Your answer should be the lines below from the one with "Simply press the" to the one with "Friss és nőies", both included, given again exactly and with nothing added.

**SOURCE DATA:**
⁂

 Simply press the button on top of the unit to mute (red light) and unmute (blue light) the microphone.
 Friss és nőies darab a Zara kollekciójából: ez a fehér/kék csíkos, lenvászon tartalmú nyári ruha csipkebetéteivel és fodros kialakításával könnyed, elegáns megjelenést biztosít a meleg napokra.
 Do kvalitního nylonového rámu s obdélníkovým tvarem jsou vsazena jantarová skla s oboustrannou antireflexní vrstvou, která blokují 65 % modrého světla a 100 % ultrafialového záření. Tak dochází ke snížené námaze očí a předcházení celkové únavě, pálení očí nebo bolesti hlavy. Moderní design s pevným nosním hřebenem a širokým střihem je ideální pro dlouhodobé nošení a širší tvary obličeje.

⁂

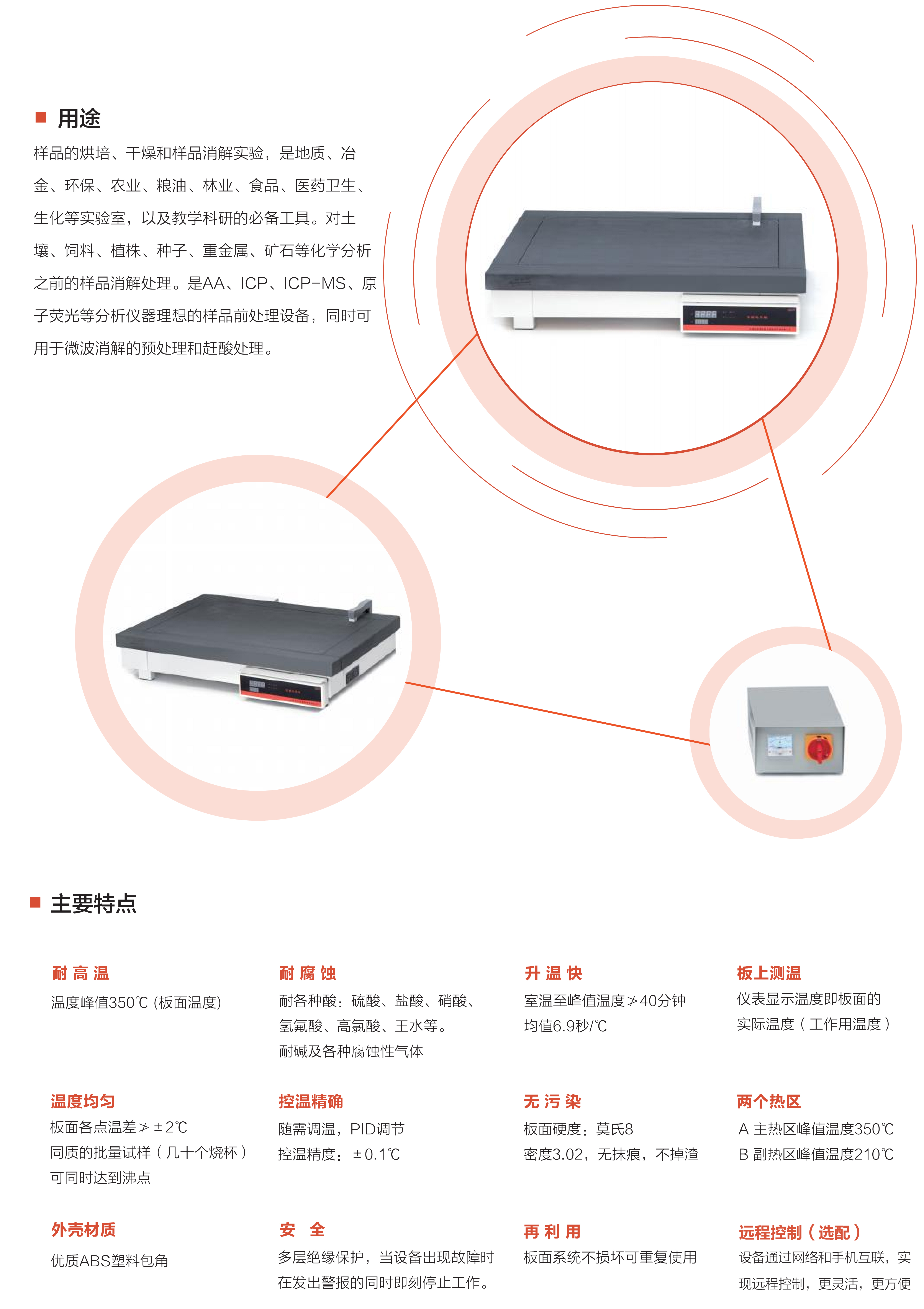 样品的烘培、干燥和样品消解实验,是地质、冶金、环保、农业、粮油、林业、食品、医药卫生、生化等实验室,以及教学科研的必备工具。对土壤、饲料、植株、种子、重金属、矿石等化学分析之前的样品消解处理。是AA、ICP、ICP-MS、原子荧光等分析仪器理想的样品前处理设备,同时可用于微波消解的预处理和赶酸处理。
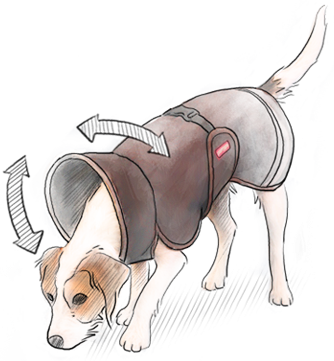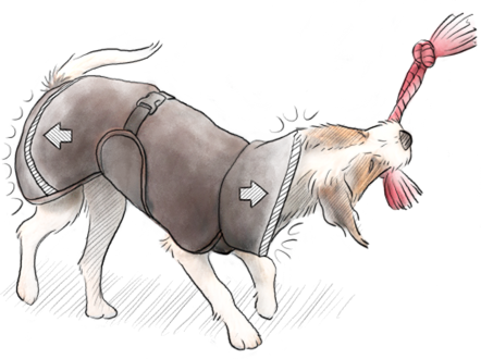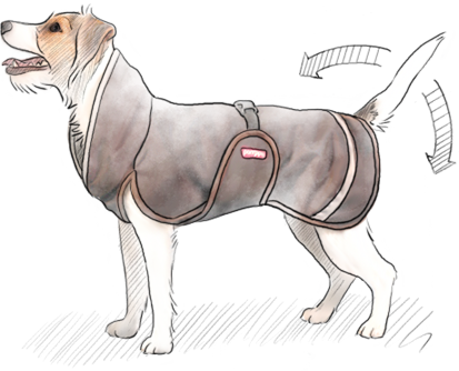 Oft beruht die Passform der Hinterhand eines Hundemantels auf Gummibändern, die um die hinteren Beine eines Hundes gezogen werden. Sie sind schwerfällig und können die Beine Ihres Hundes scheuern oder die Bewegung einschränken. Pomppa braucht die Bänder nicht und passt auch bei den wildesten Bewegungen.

⁂

**ANSWER SPACE:**
 Simply press the button on top of the unit to mute (red light) and unmute (blue light) the microphone.
 Friss és nőies darab a Zara kollekciójából: ez a fehér/kék csíkos, lenvászon tartalmú nyári ruha csipkebetéteivel és fodros kialakításával könnyed, elegáns megjelenést biztosít a meleg napokra.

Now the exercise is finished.